Cientistas brasileiros concluíram em agosto as escavações em um complexo arqueológico na Amazônia, que reforçam a teoria de que esta região era densamente povoada antes da chegada dos colonizadores europeus.
As descobertas – vasilhas, restos de cerâmicas, pedras talhadas, sementes carbonizadas e camadas de solo enriquecido – permitem pensar, ainda, que o modo de vida dos habitantes originários pode conter ensinamentos sobre a preservação da maior floresta tropical do mundo, afirma o arqueólogo Rafael Lopes, que participou da exploração no estado do Amazonas (norte).
“Chegamos achando que ia ser só um sítio ao longo da beira do lago Tefé, mas são vários sítios, alguns deles grandes.
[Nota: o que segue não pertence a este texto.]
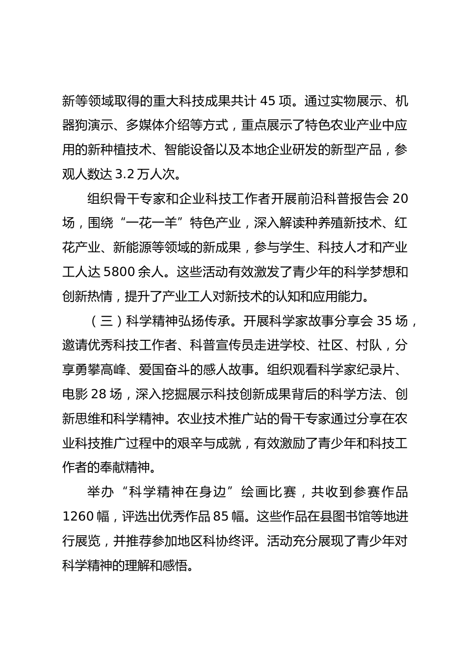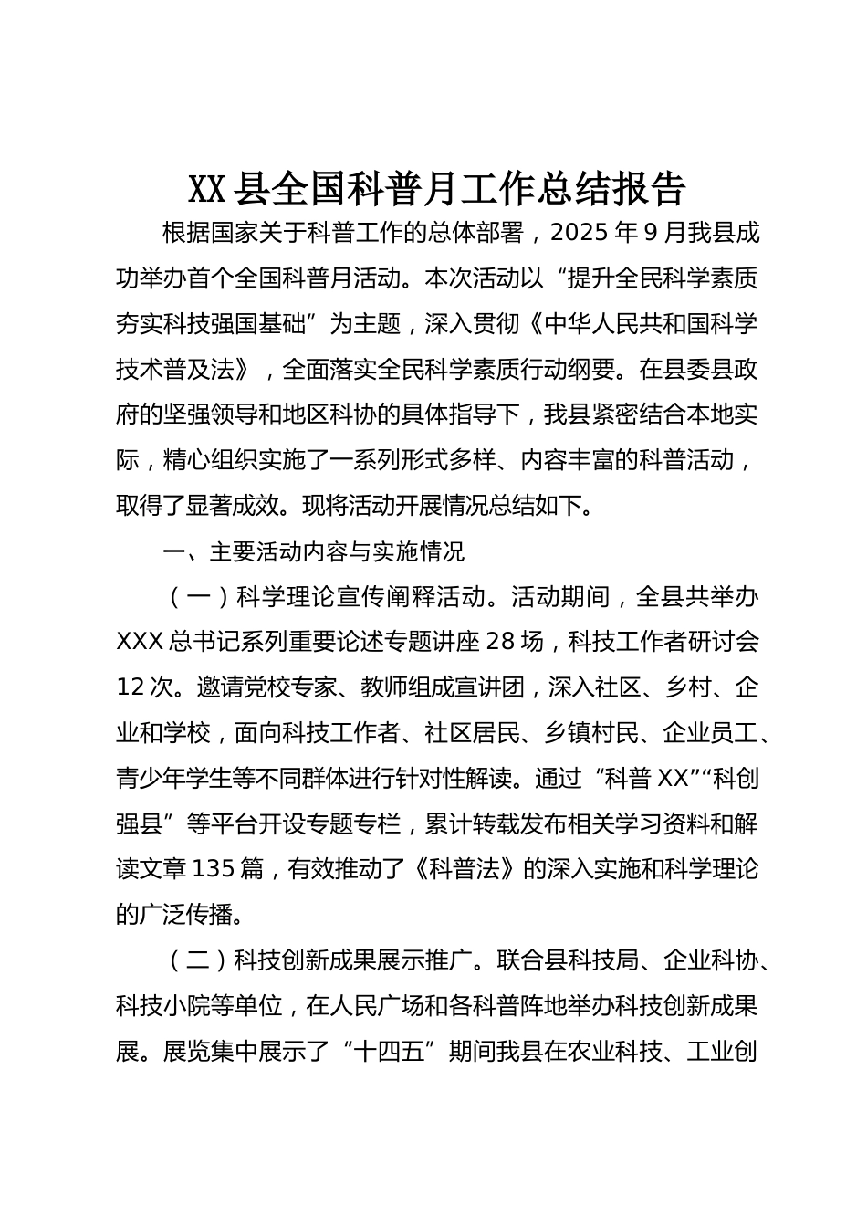 XX縣全國科普月工作總結(jié)報告根據(jù)國家關(guān)于科普工作的總體部署,2025年9月我縣成功舉辦首個全國科普月活動。本次活動以“提升全民科學素質(zhì)夯實科技強國基礎(chǔ)”為主題,深入貫徹《中華人民共和國科學技術(shù)普及法》,全面落實全民科學素質(zhì)行動綱要。在縣委縣政府的堅強領(lǐng)導(dǎo)和地區(qū)科協(xié)的具體指導(dǎo)下,我縣緊密結(jié)合本地實際,精心組織實施了一系列形式多樣、內(nèi)容豐富的科普活動,取得了顯著成效。現(xiàn)將活動開展情況總結(jié)如下。一、主要活動內(nèi)容與實施情況(一)科學理論宣傳闡釋活動。活動期間,全縣共舉辦XXX總書記系列重要論述專題講座28場,科技工作者研討會12次。邀請黨校專家、...

É um complexo arqueológico”, explicou Lopes, pesquisador associado do Instituto de Desenvolvimento Sustentável Mamirauá (IDSM), que administra a reserva, em entrevista por telefone com a AFP.
Os vestígios de plantas domesticadas, ou manejadas, como o cacau, o açaí e o cupuaçu, assim como a presença de frondosas castanheiras com mais de 500 anos, indicam que a região esteve ocupada por pelo menos cinco populações diferentes, incluindo comunidades ribeirinhas e indígenas atuais.
“As crônicas dos séculos XVI e XVII de viajantes que desciam o Amazonas e na área do Médio Solimões, que é a área de Tefé, relatam populações muito densas, com milhares de pessoas, e aldeias muito grandes, separadas em no máximo meia hora uma da outra”, conta Lopes.
Estudos científicos estimam que, no conjunto da região amazônica, vivessem de oito a dez milhões de pessoas antes da chegada de espanhóis e portugueses.
Depois do contato com o homem branco, epidemias e campanhas de conquista dizimaram a população, explica o pesquisador.
Isso levou os naturalistas europeus que adentraram a região no século XIX a pensar que a floresta fosse um bioma praticamente intacto. Esse conceito começou a ser revisto nos anos 1980. A pesquisa de que Lopes participa soma novas evidências a estes estudos.
“Há algumas décadas na Arqueologia estamos percebendo que as primeiras crônicas tinham muito mais verdade e menos fantasia” do que se pensava, afirma.
O trabalho de campo – a cargo de cerca de 40 pessoas, entre pesquisadores e locais – foi liderado por Lopes, da Universidade de São Paulo (USP), e pela botânica Mariana Cassino, do Instituto Nacional de Pesquisas da Amazônia (INPA).
A próxima fase consistirá da análise em laboratório de milhares de fragmentos encontrados para verificar a validade destas hipóteses.
– Lições para o futuro –
Com técnicas de manejo sustentável dos recursos naturais, os povos originários moldaram positivamente seu hábitat e têm muito a ensinar aos ocupantes atuais da floresta, afirma o especialista.
“Essas populações tradicionais tiveram um grande impacto positivo na biodiversidade. São centenas de espécies [vegetais] com algum tipo de domesticação, e algumas das espécies que eles utilizavam são hoje as mais comuns na Amazônia inteira”, acrescenta.
Para manter a floresta em pé é necessário ocupá-la de forma sustentável, sem depredá-la, adverte Lopes, em um momento em que o governo do presidente Jair Bolsonaro preconiza abrir as reservas indígenas e as áreas protegidas às atividades agropecuárias e à mineração.
“O problema não é a densidade de pessoas, senão a lógica da ocupação. A lógica que está querendo ser imposta é a de que a gente vai conservar o mínimo possível e destruir o máximo possível para dar espaço para boi e soja, para monocultura, para queimadas, para destruir o meio ambiente”, alerta Lopes.
“Todos os dados mostram que, para você fazer essa conservação, você precisa dessas populações, das terras indígenas, de reservas ambientais com populações ribeirinhas”, prossegue.
“Temos que entender melhor a forma que essas pessoas ocuparam e ocupam a floresta e temos que seguir esses modelos, e não apenas na Amazônia”, insistiu Lopes.
Esses modelos, completou, “podem se encaixar para preservar e até recuperar outros biomas, tarefa importante principalmente num momento de cataclismo climático como a gente está vivendo”.